Many years ago, when I was being treated by my doctor for ME, it was suggested that I might benefit from counselling as mental issues were a possible factor in this recently recognised malaise. I was granted six sessions under the NHS and went along because I wanted to talk to somebody, anybody, about how I was feeling, the storm in my head. I had been living in England for some time and was struggling to make friends. Although I had a lively social life, I found the English distant compared to my native Irish.
Growing up in Belfast it was common to call in on friends or family unannounced. When I first moved to England and started to get to know people from my place of work I would do this, and soon picked up that my behaviour was considered odd. I learned to phone ahead, to check that it was convenient before visiting. It made me feel that I was not welcome.
What I needed back then was a close friend, a confidante. I had plenty of acquaintances, but none who I could talk to about how I was feeling. Thus, when my doctor suggested the councillor I swallowed what scepticism I had and agreed to give the proposed treatment a try. It proved to be an interesting experience.

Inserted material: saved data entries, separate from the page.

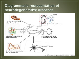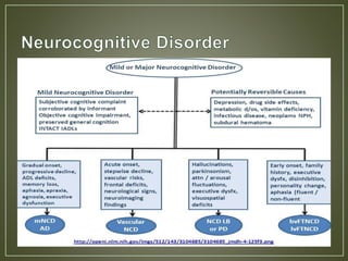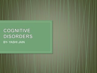 This document discusses various cognitive disorders including delirium, dementia, and amnestic disorder. Delirium is a temporary mental state causing confusion and hallucinations that may be caused by toxins, surgery, or infections. Dementia causes long-term decline in thinking abilities and is more common in females, potentially caused by conditions like Alzheimer's. Amnestic disorder involves memory deficits from brain damage or diseases like head trauma. The document also answers questions about neurogenesis, the effects of coffee on Alzheimer's risk, how drugs produce pleasure, and the proteins involved in Alzheimer's.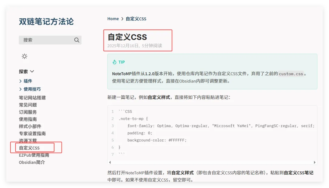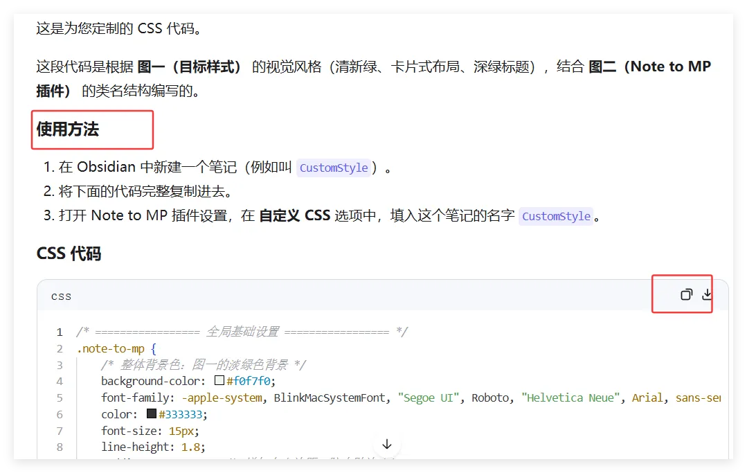 图一是我想要的公众号排版样式,图二是我想在Obsidian里面插件note tomp里自定义css的,帮我写一个css代码,按照图一的样式图二的要求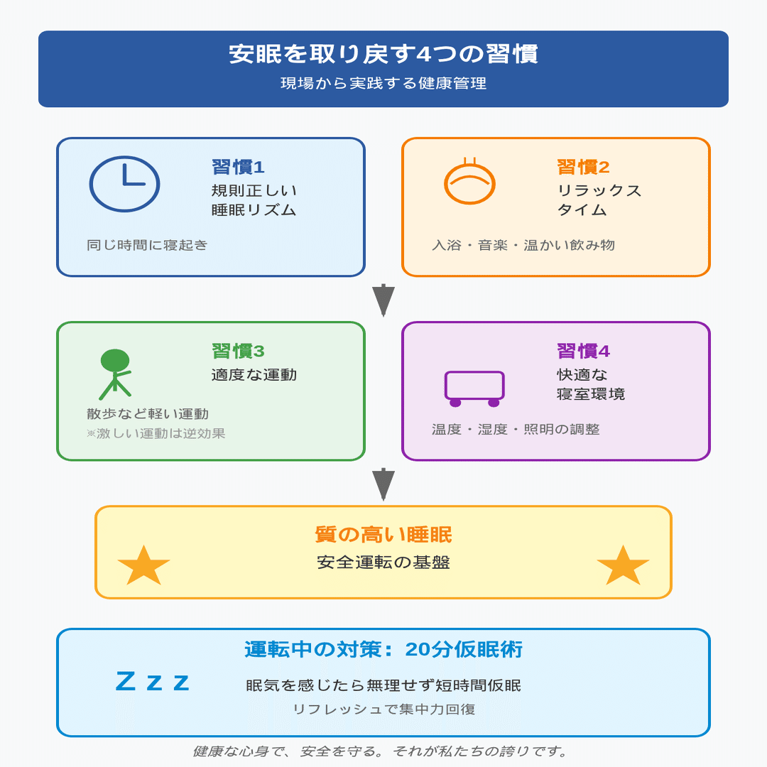 この記事では、「健康経営優良法人」としても認定されている私たちが、質の高い睡眠を確保し、心と体を鍛え、いつまでも安全運転を続けるための具体的な方法を、現場の知見に基づいて徹底解説します。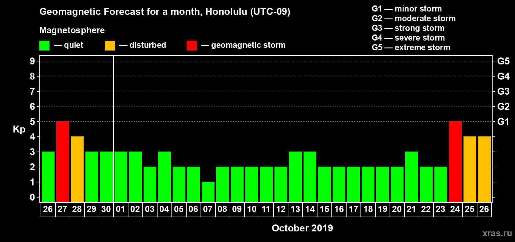 Geomagnetic storm forecast in Honolulu for Sep 26, 2019

From my personal study of psychology and sociology I knew how counselling was supposed to work. It was unfortunate that the counsellor assigned had serious issues of her own. By the fourth and final session (I cancelled after this) she had unburdened herself and I realised that I could be a sympathetic listener, drawing her out, encouraging her to share. When we parted company I knew more about her than I wished, whereas she knew next to nothing about me. Perhaps I should have considered a change in career.
I found strategies for dealing with my own issues independently and life moved on. Now that I am, once again, having to deal with my demons I yearn for that still elusive confidante. My sister remains the only person who seems to understand what goes on in my head, but she lives in another country and has her own life to lead.
My mood swings may well be to do with age and the stage my family is at. Although the manifestation of my social awkwardness may be atypical, I do not believe that my neurosis is unusual. I wonder do most people simply have someone that they can talk to, or is the world filled with people struggling alone. Am I simply less concerned than most about admitting that sometimes I find the act of living tough?
Having spent the last three days getting through my latest storm I am now behind on a great many tasks. My house is a mess, I have stories unwritten and my urgent ‘do’ list grows ever longer. In three days time my children break up from school for Easter which will throw my everyday schedule into disarray. With important exams approaching stress levels are high and finding the balance between offering personal space and support tricky.
Life is the journey not the destination. I appear to be travelling without a map or a compass. I never did like surprises.